After Montag disobeys, Beatty taunts him. He then discovers the transmitter that Faber gave to Montag. He plans to deal with the professor as well, but Montag suddenly points his flamethrower towards Beatty and pushes the trigger, burning him alive. Montag then fights the firehouse’s mechanical dog: a robot designed to hunt down and kill runaways. Montag burns it with his flamethrower, but before it malfunctions, the hound manages to bite him. In despair, Montag runs to Faber’s place, where they see on TV that Montag has become the target of a manhunt. Another mechanical hound is after him. Bradbury describes how this dramatic, tragic hounding of a man is transformed into another entertainment for this hedonistic, blasé society. Helicopters, with TV-operators on board, fly over the city, providing the middlebrows sitting in front of their monitors a nerve-tickling spectacle.

Faber instructs Montag to run away from the city and seek out a group of enthusiasts, who had quit living in the consumerist society and memorized books, or parts of books, in order to keep them from vanishing. Montag manages to knock the hound of his scent by crossing a river and escapes. Once more Bradbury manages to convey a lot of emotions with only a few words. In order to satisfy the TV-audience, a random victim is chosen instead of Montag. As hundreds of thousands of people all over the country watch, a robot immerses a poisonous needle into the body of an innocent victim.

When Montag finally gets out of the city, jet bombers fly over it and drop atomic bombs, totally destroying the place where Montag has spent his whole life.

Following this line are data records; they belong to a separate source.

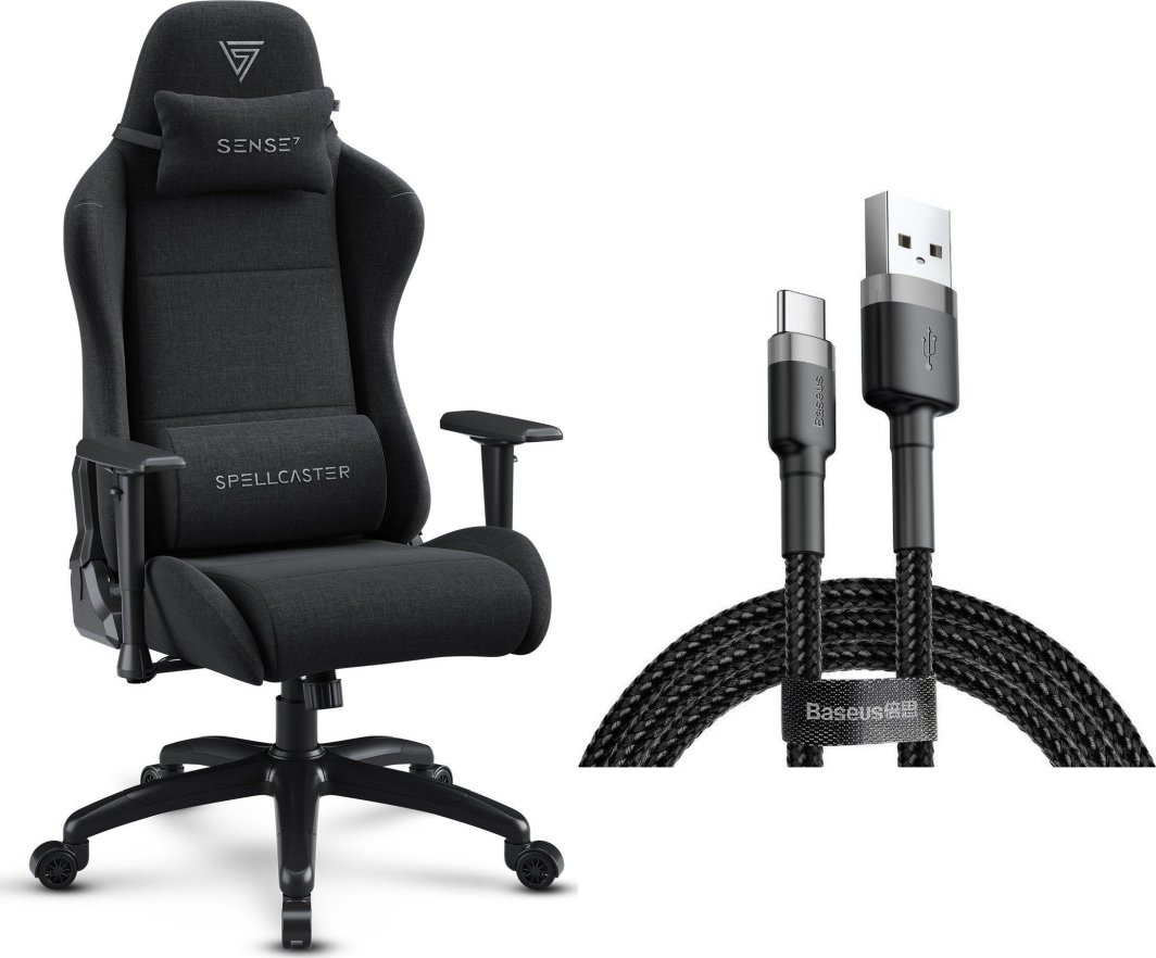 Fotel SENSE7 Spellcaster FUKU XL materiałowy czarny + kabel usb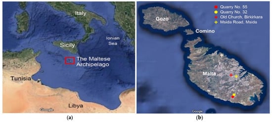 The LGL is one of the soft limestones outcropping in the Mediterranean Basin. Often referred to as “Malta stone”, it is the main industrial mineral terrestrial resource of the Maltese Islands. It is easy to quarry—it is “soft, and easy to cut into any shape” [5] (p. 46), and outcrops over two thirds of mainland Malta [6], the main island of the Maltese Archipelago. With a superficial area of approximately 316 km2, this archipelago is located circa 93 km south of Sicily and 288 km north of Libya, and comprises several islands, the inhabited ones being Malta, Gozo and Comino.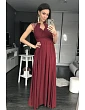 Elegantné dlhé maxi šaty, ktoré sa dajú viazať na mnoho spôsobov. Sú vyrobené z bordovej elastickej látky s brokátom. Vyrobené v Poľsku. Značka Numoco.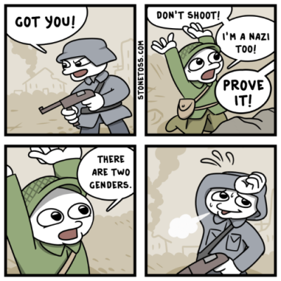 Nazism är inte något som man kan hitta i en eller annan formulering hos en meningsmotståndare som man vill täppa till truten på. Nazism är en ideologi som man kan vara motståndare till eller anhängare av. Den karakteriseras av:
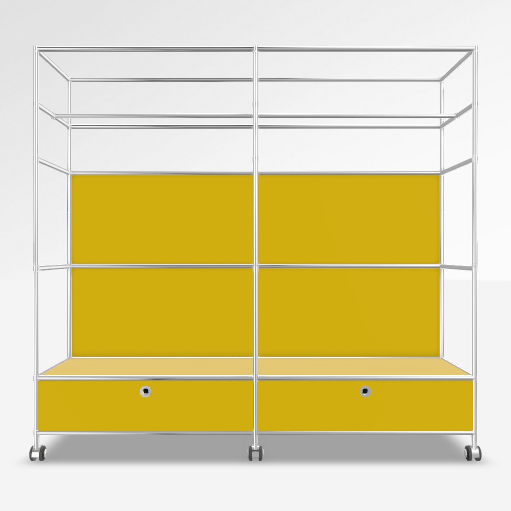 Garderobe System4 in Gelb. Mit Rollen, 2 x Schublade, 2 x Offenes Element, 2 x Offenes Element ohne Boden, 2 x Garderobe.

He is lucky enough to find the people Faber was talking about—a group of exiles led by a man named Granger. Montag finds out every person in the group, in addition to a real name, has the name of a book they have memorized. After they talk and eat, Granger’s group, together with Montag, sets forth toward the ruins of the city to help rebuild a new society.

References:

Longman, Barbara. Dystopian at Its Best. New York: Penguin, 2008. Print.

Bradbury, Ray. Fahrenheit 451. New York: Saddle Brush Press, 2011. Print.